### Raw data
═══

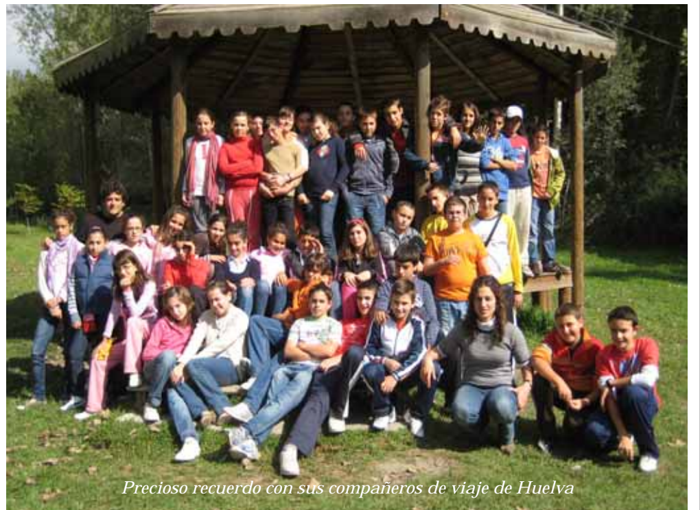
Precioso recuerdo con sus compañeros de viaje de Huelva
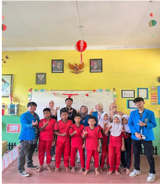
Gambar 3. Photo Bersama Siswa SD 014662.
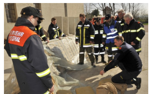
Herstellung eines Schutzdammes aus Paletten.
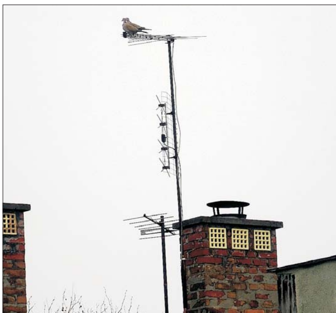
Párosan szép az élet, új funkciót kapott a TV antenna.

Nincs még vége a télnek, ezért továbbra is etessük a madarakat. Főleg a napraforgót kedvelik, mely a tápértéke mellett felmelegíti a hasznos állatkákat, akik egész évben viszonozzák majd a gondoskodást.
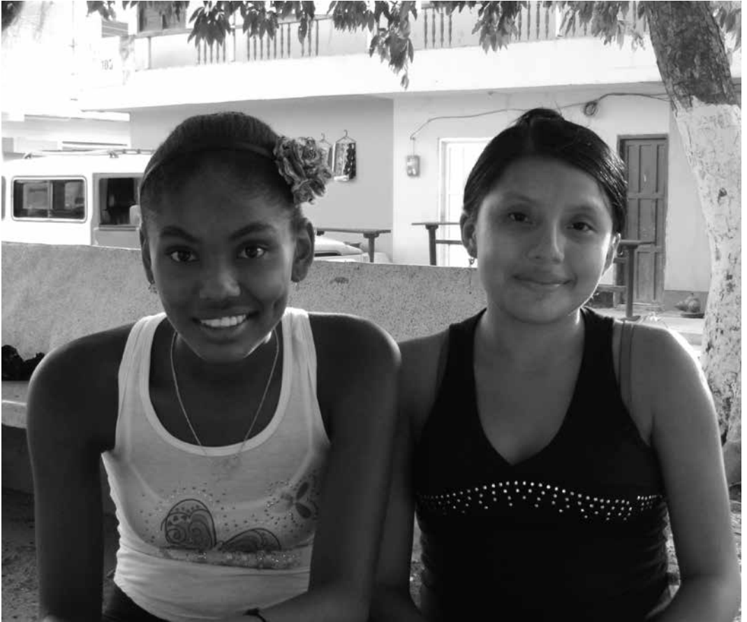
Unguia, 2015 Leonardo Montenegro
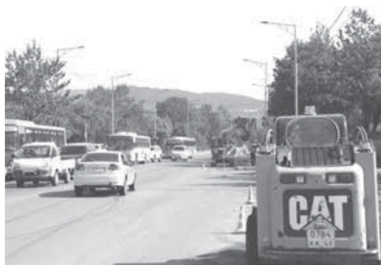
Дорожные работы продолжаются.

транспортных происшествий. Яркий пример тому – обустройство безопасной дороги в школу № 8 возле детской поликлиники по предложению школьника. Ребёнок написал, его проект рас-
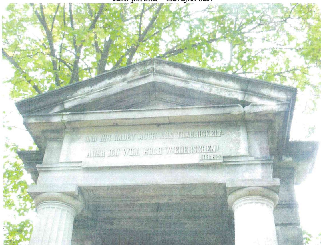
Ústí nad Labem, Střekov, hřbitov, hrobka rodiny Alexandra Edlera von Wölfel, detail horní části portiku – stávající stav
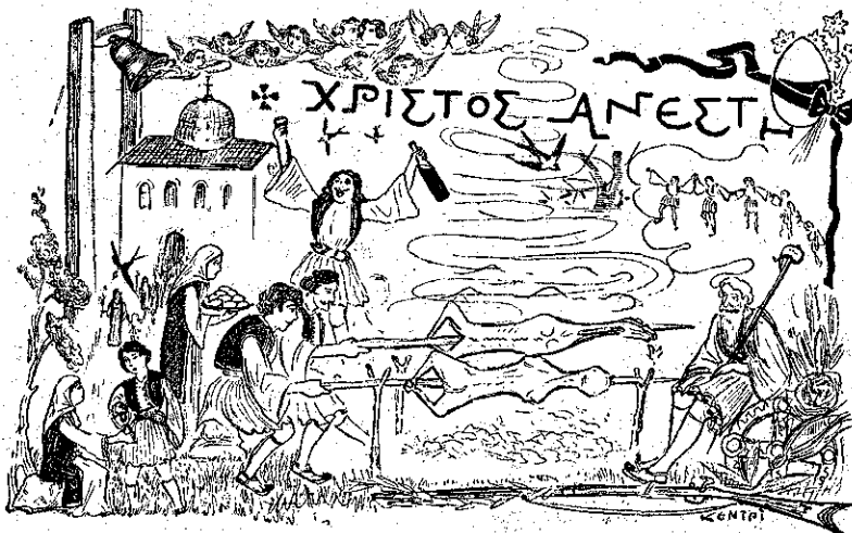
ΚΕΝΤΡΙ (Ἐκτὸς Διαγωνισμοῦ.)

Δεν είμπορώ να εἶπω ὅτι τὸν Διαγωνισμόν μας αὐτὸν ἔσπευεν ἡ μεγαλύτερα ἐπιτυχία. Παλαιότεροι Διαγωνισμοὶ Ζωγραφικῆς, καὶ μάλιστα μετὰ τὸ ἴδιον θέμα, μᾶς ἔδωσαν καλλιτέρα ἀπο-
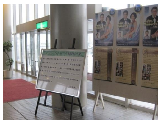
文化会館ロビーでの告知例
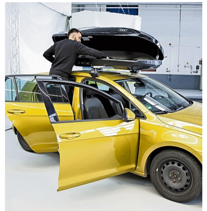
Laut ADAC-Test sind 8 von 13 getesteten Dachboxen „gut“. Und: Herstellerboxen sind nicht automatisch besser.

═══

### Exercise aim
Using the data above, print only the lines starting at the one with "Herstellung eines Schutzdammes aus Paletten." and ending at the one with "ΚΕΝΤΡΙ (Ἐκτὸς Διαγωνισμοῦ.)", exactly as they stand, minus the pictures.

### Problem solution
Herstellung eines Schutzdammes aus Paletten.
Párosan szép az élet, új funkciót kapott a TV antenna.

Nincs még vége a télnek, ezért továbbra is etessük a madarakat. Főleg a napraforgót kedvelik, mely a tápértéke mellett felmelegíti a hasznos állatkákat, akik egész évben viszonozzák majd a gondoskodást.
Unguia, 2015 Leonardo Montenegro
Дорожные работы продолжаются.

транспортных происшествий. Яркий пример тому – обустройство безопасной дороги в школу № 8 возле детской поликлиники по предложению школьника. Ребёнок написал, его проект рас-
Ústí nad Labem, Střekov, hřbitov, hrobka rodiny Alexandra Edlera von Wölfel, detail horní části portiku – stávající stav
ΚΕΝΤΡΙ (Ἐκτὸς Διαγωνισμοῦ.)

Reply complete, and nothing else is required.